Some lovely long posts: great to have you back Goat, and the rather elusive Knicky too :)

Goat, I'm with the others on some happy older children, but strongly wanted a second. DH was deeply resistant: I tried to keep low pressure, open communications, etc, but twice he walked in on me crying over the issue. Despite my rather wept pregnancy, I'm actually not really a crier by nature so I think he was quite shocked by it. Eventually I wrote him a letter explaining that I didn't just want a child, I wanted ^his^ child; and in fact more than anything I wanted him to want a child. I said I understood this was an even bigger ask, but it was about the importance of feeling we had the same priorities: family and love, rather than spare money and time for exotic travel or more possessions (his chief objections being that kind of coping). I also blithely promised I would cope, he could go motor racing, and goodness know what other idiocy. In the end he said he was persuaded by seeing DD's love of other children and wanting her to have the companion. Later when he panicked he said he was angry I had pushed him into it, he'd felt emotionally blackmailed. I had never threatened to leave, but he rightly intuited that was only because of DD. our problems over this are documented in part on this thread, but he now seems utterly delighted with T and I have promised to never ever even whisper the word "another?!"
What am I trying to say? You know your relationship, but despite all that happened I am glad I insisted, and I actually think one day DH will say he is glad he reconsidered. It's not for everyone, but it's too important to drop without at least keeping open lines of communication. Can you find any "solutions" to his concerns?
It is of course absolutely nothing to do with your FiL...

Thanks too for evokative description of BG :)

Knicky - sorry about DP. A friend swears a second baby is the biggest test ever of a relationship and separation/ divorce should be outlawed before their 5th birthday. You are right to try to pre empt things getting worse. Also maybe take time to consider which aggravations are most important, and which are perhaps secondaries:only annoying because you are irritated. That might help focus any discussion you have. Also I have fund being more specific helps: I got annoyed DH gave DD bowl of cereal in front of telly and didn't notice she hardly ate it. So eventually I simply explained how important it was to me that she ate her meals at the table with his attention, and why (but left off the rant about untidiness and washing up for now anywayWink) Am as Confused as anybody it needed to be said, but problem mostly solved.

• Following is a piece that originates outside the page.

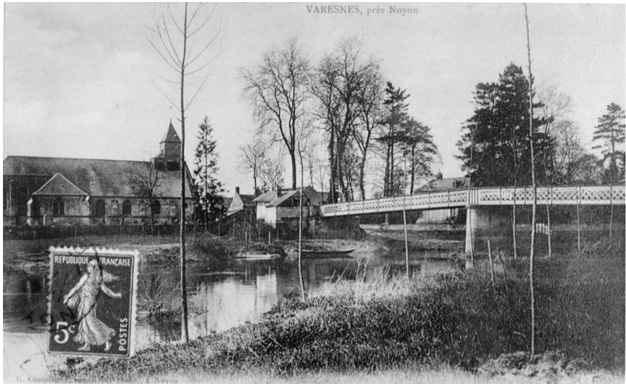
Vue avant 1914.

Still shattered by last week so forgive me not name checking more. Somewhere, wondering if your mum yet has results? Seaside, have you had more job thoughts? BBD have you heard about your job application? Eagle, hope DP's treatment going okay still. Chairman, hope you are having a good week. MrsW, hope colic subsiding with treatment and you coping okay. LRM, agree you should consider post partum fitness training. Midget, you okay? Waves to NotSoOld.

I leave you, with your indulgence, with a last story: last night DD was going around with a white colander on her head because she was a "Scary Alien"...to encourage her upstairs for a bath I suggested she go and scare daddy. "Don't panic, mummy," she replied, "it's only 'tend." Grin

bytheseaside · 19/06/2013 16:26

Im enjoying these baby-love stories too :) Baby seaside has discovered the joys of throwing things on the floor for us to pick up (and then throwing again, and again, and again) big time this week, not playing with them a bit first, just straight on the floor, looking us rather challengingly in the eye, and indicating clearly that we should get on with picking up asap. Its very funny, and like fools, DP and I keep this up for some time.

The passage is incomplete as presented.